▸ Aim of the task:
What you write must match, character for character, the lines from the one with "ತಾಳಿಕೋಟೆ : ಬಳ್ಳಾರಿಯಲ್ಲಿ" down to the one with "從企業(yè)層面來看,龍頭" in the listing below, minus its pictures.

▸ Provided material:
_____
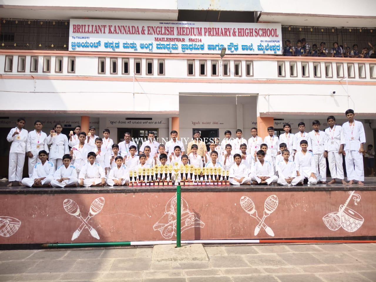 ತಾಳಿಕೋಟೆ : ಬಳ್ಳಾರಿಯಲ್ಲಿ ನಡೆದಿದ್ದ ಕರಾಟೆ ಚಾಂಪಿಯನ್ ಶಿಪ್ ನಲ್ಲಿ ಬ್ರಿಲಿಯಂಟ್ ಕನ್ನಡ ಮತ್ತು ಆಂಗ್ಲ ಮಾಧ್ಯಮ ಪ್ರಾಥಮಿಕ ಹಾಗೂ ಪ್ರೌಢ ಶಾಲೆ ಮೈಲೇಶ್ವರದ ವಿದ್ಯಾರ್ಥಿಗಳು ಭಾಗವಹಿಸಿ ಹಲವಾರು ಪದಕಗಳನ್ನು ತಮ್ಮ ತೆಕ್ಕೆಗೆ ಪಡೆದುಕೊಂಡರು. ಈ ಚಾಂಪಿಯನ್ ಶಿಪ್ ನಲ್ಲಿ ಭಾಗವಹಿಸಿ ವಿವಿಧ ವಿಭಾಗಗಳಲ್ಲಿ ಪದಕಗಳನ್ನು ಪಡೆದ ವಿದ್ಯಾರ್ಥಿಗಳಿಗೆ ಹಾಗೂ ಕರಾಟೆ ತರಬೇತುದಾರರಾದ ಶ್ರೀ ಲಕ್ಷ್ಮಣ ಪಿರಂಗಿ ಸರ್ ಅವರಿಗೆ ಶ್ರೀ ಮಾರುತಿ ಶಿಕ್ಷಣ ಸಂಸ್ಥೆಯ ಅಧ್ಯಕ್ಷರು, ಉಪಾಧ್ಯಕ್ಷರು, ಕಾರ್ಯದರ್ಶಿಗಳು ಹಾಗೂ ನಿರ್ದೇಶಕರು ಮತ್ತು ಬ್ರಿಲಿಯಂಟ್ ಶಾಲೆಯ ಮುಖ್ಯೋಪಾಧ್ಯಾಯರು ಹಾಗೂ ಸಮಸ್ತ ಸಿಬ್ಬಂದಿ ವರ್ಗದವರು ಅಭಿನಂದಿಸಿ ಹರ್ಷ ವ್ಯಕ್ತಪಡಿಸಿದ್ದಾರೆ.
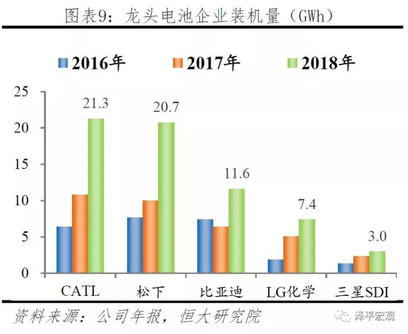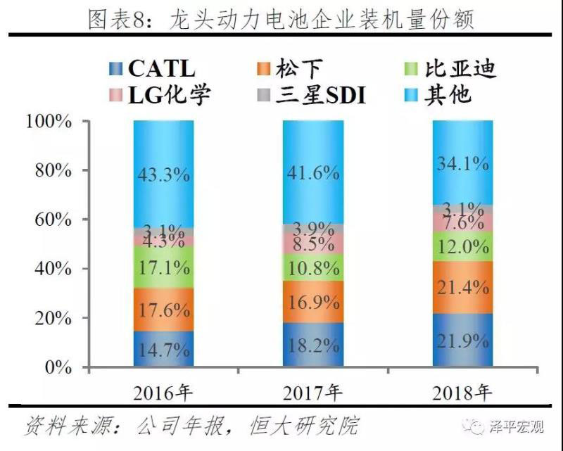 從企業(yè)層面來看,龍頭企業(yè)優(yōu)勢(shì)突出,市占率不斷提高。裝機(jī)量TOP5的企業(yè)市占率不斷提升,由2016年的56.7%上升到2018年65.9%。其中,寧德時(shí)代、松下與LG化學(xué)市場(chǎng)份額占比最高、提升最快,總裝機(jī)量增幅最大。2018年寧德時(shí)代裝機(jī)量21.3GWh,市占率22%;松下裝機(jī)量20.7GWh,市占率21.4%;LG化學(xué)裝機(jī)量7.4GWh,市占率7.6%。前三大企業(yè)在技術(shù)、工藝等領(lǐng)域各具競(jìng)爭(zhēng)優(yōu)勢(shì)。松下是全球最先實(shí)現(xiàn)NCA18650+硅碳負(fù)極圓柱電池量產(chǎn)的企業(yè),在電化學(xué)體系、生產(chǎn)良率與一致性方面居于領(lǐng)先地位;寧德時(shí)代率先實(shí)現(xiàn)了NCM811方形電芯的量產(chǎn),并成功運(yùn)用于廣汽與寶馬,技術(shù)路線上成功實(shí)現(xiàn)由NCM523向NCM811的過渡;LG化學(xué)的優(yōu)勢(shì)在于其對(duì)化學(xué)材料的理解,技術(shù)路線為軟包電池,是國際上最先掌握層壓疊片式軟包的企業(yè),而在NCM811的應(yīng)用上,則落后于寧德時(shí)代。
_____
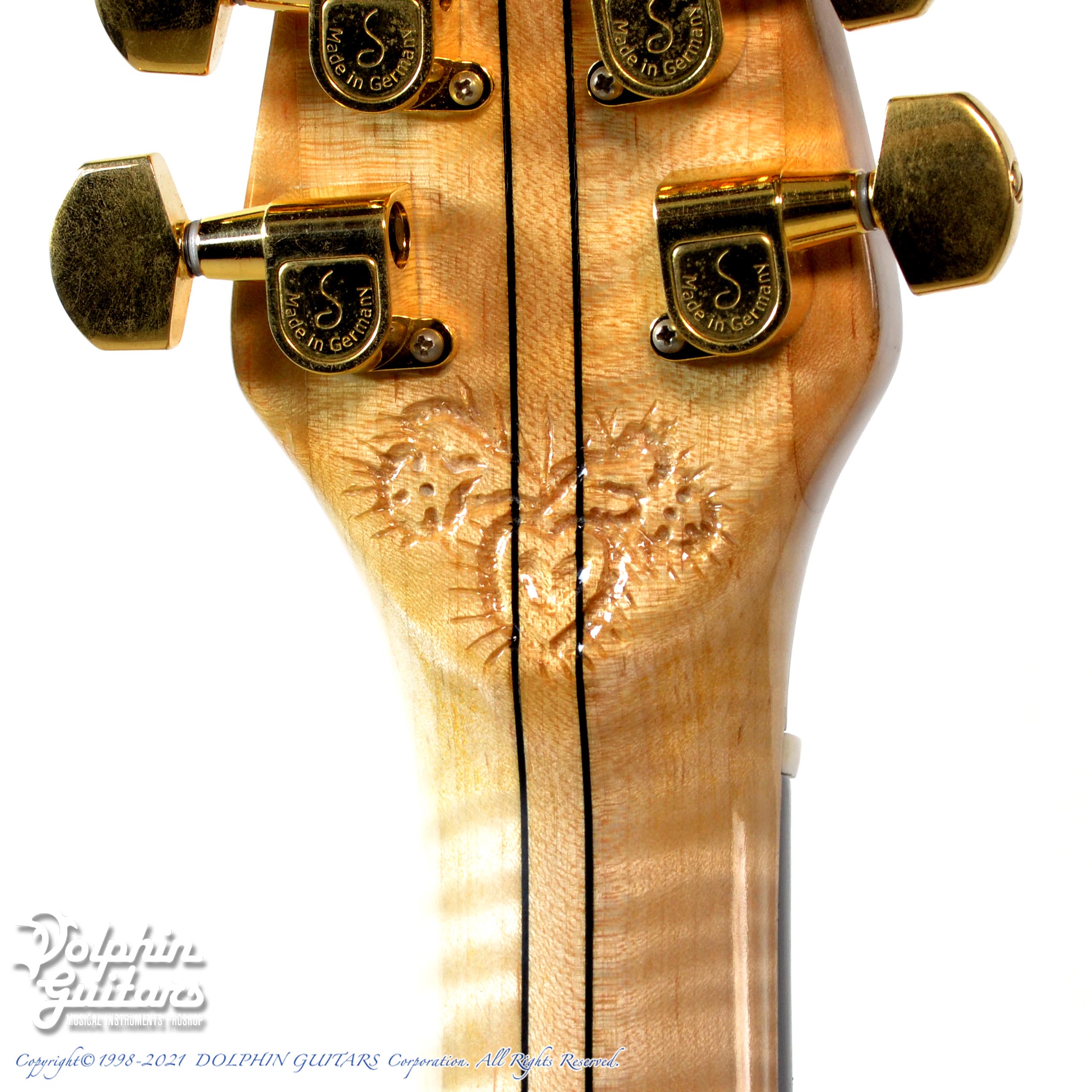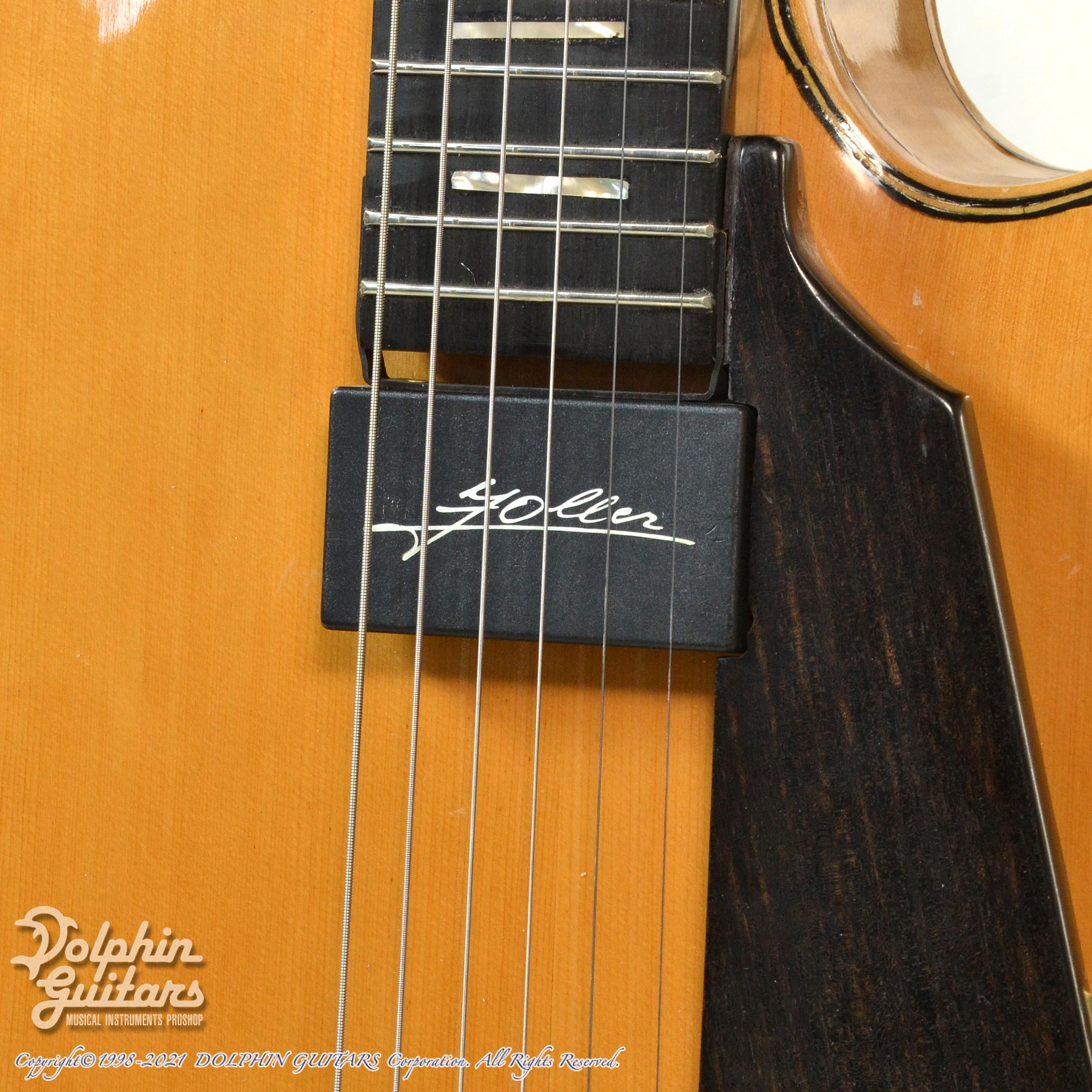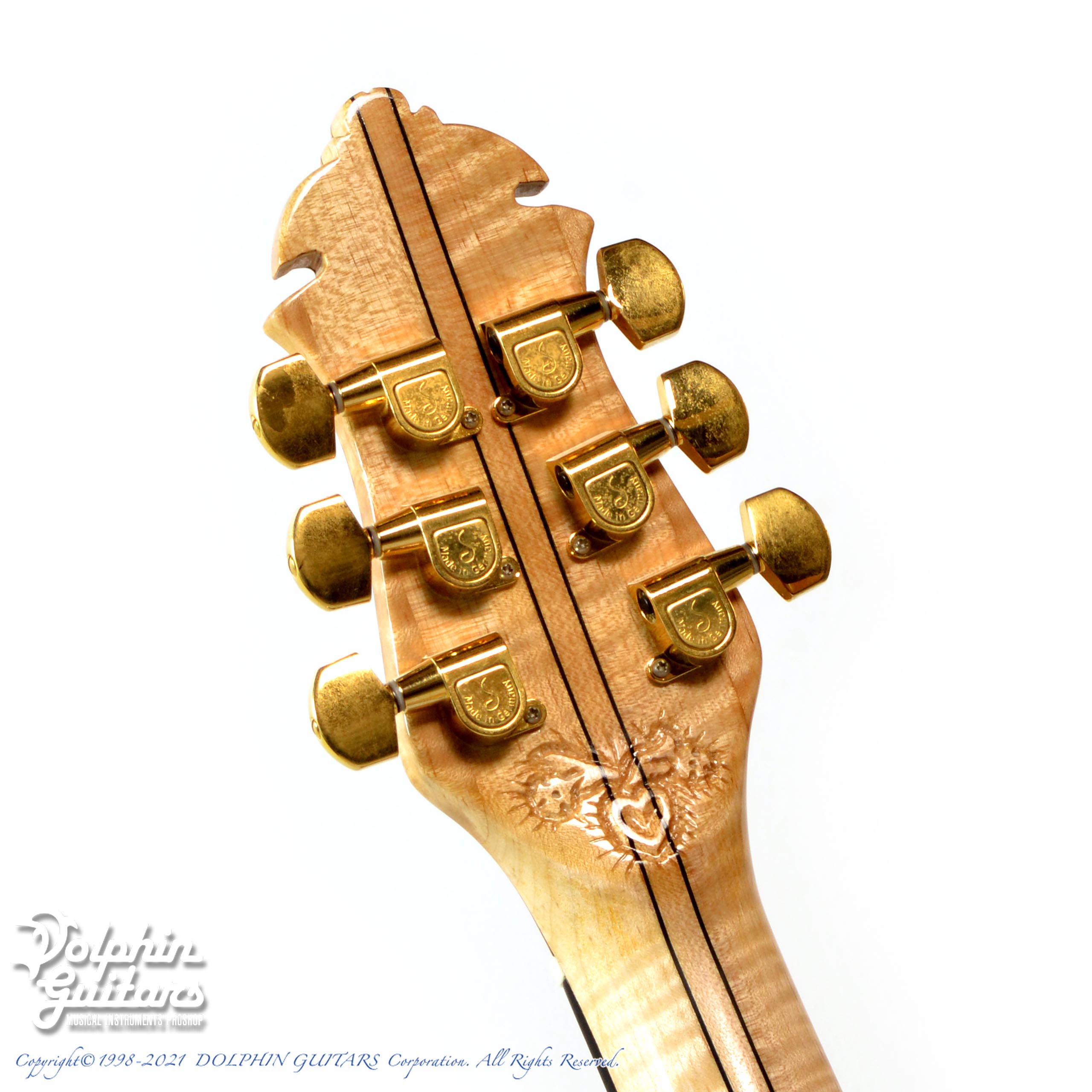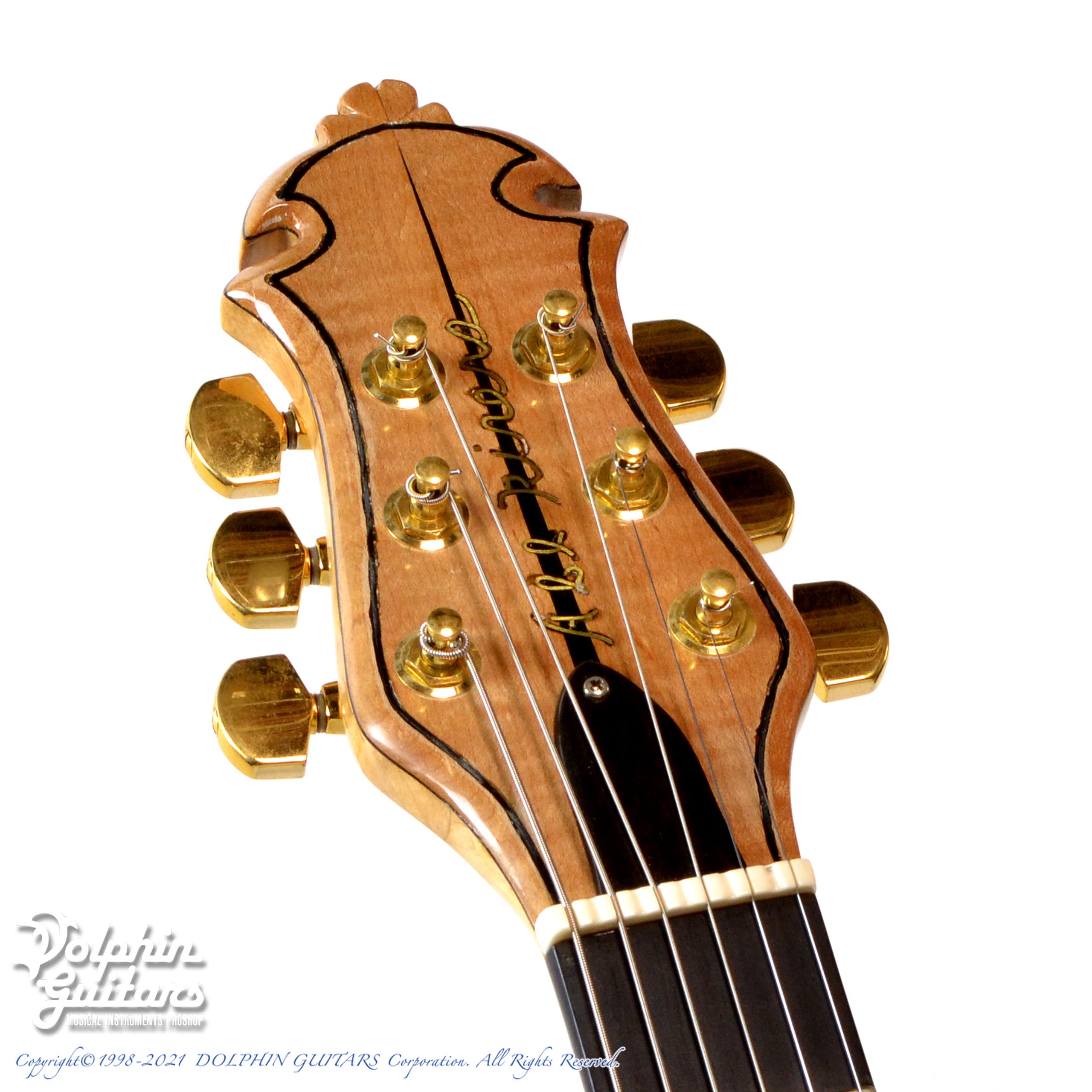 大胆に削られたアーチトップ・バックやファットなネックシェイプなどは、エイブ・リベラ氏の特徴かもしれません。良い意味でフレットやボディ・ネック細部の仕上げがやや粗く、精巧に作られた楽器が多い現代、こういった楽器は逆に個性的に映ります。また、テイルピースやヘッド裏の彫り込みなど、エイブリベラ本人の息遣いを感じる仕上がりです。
_____
▸ Answer to the problem:
 ತಾಳಿಕೋಟೆ : ಬಳ್ಳಾರಿಯಲ್ಲಿ ನಡೆದಿದ್ದ ಕರಾಟೆ ಚಾಂಪಿಯನ್ ಶಿಪ್ ನಲ್ಲಿ ಬ್ರಿಲಿಯಂಟ್ ಕನ್ನಡ ಮತ್ತು ಆಂಗ್ಲ ಮಾಧ್ಯಮ ಪ್ರಾಥಮಿಕ ಹಾಗೂ ಪ್ರೌಢ ಶಾಲೆ ಮೈಲೇಶ್ವರದ ವಿದ್ಯಾರ್ಥಿಗಳು ಭಾಗವಹಿಸಿ ಹಲವಾರು ಪದಕಗಳನ್ನು ತಮ್ಮ ತೆಕ್ಕೆಗೆ ಪಡೆದುಕೊಂಡರು. ಈ ಚಾಂಪಿಯನ್ ಶಿಪ್ ನಲ್ಲಿ ಭಾಗವಹಿಸಿ ವಿವಿಧ ವಿಭಾಗಗಳಲ್ಲಿ ಪದಕಗಳನ್ನು ಪಡೆದ ವಿದ್ಯಾರ್ಥಿಗಳಿಗೆ ಹಾಗೂ ಕರಾಟೆ ತರಬೇತುದಾರರಾದ ಶ್ರೀ ಲಕ್ಷ್ಮಣ ಪಿರಂಗಿ ಸರ್ ಅವರಿಗೆ ಶ್ರೀ ಮಾರುತಿ ಶಿಕ್ಷಣ ಸಂಸ್ಥೆಯ ಅಧ್ಯಕ್ಷರು, ಉಪಾಧ್ಯಕ್ಷರು, ಕಾರ್ಯದರ್ಶಿಗಳು ಹಾಗೂ ನಿರ್ದೇಶಕರು ಮತ್ತು ಬ್ರಿಲಿಯಂಟ್ ಶಾಲೆಯ ಮುಖ್ಯೋಪಾಧ್ಯಾಯರು ಹಾಗೂ ಸಮಸ್ತ ಸಿಬ್ಬಂದಿ ವರ್ಗದವರು ಅಭಿನಂದಿಸಿ ಹರ್ಷ ವ್ಯಕ್ತಪಡಿಸಿದ್ದಾರೆ.
 從企業(yè)層面來看,龍頭企業(yè)優(yōu)勢(shì)突出,市占率不斷提高。裝機(jī)量TOP5的企業(yè)市占率不斷提升,由2016年的56.7%上升到2018年65.9%。其中,寧德時(shí)代、松下與LG化學(xué)市場(chǎng)份額占比最高、提升最快,總裝機(jī)量增幅最大。2018年寧德時(shí)代裝機(jī)量21.3GWh,市占率22%;松下裝機(jī)量20.7GWh,市占率21.4%;LG化學(xué)裝機(jī)量7.4GWh,市占率7.6%。前三大企業(yè)在技術(shù)、工藝等領(lǐng)域各具競(jìng)爭(zhēng)優(yōu)勢(shì)。松下是全球最先實(shí)現(xiàn)NCA18650+硅碳負(fù)極圓柱電池量產(chǎn)的企業(yè),在電化學(xué)體系、生產(chǎn)良率與一致性方面居于領(lǐng)先地位;寧德時(shí)代率先實(shí)現(xiàn)了NCM811方形電芯的量產(chǎn),并成功運(yùn)用于廣汽與寶馬,技術(shù)路線上成功實(shí)現(xiàn)由NCM523向NCM811的過渡;LG化學(xué)的優(yōu)勢(shì)在于其對(duì)化學(xué)材料的理解,技術(shù)路線為軟包電池,是國際上最先掌握層壓疊片式軟包的企業(yè),而在NCM811的應(yīng)用上,則落后于寧德時(shí)代。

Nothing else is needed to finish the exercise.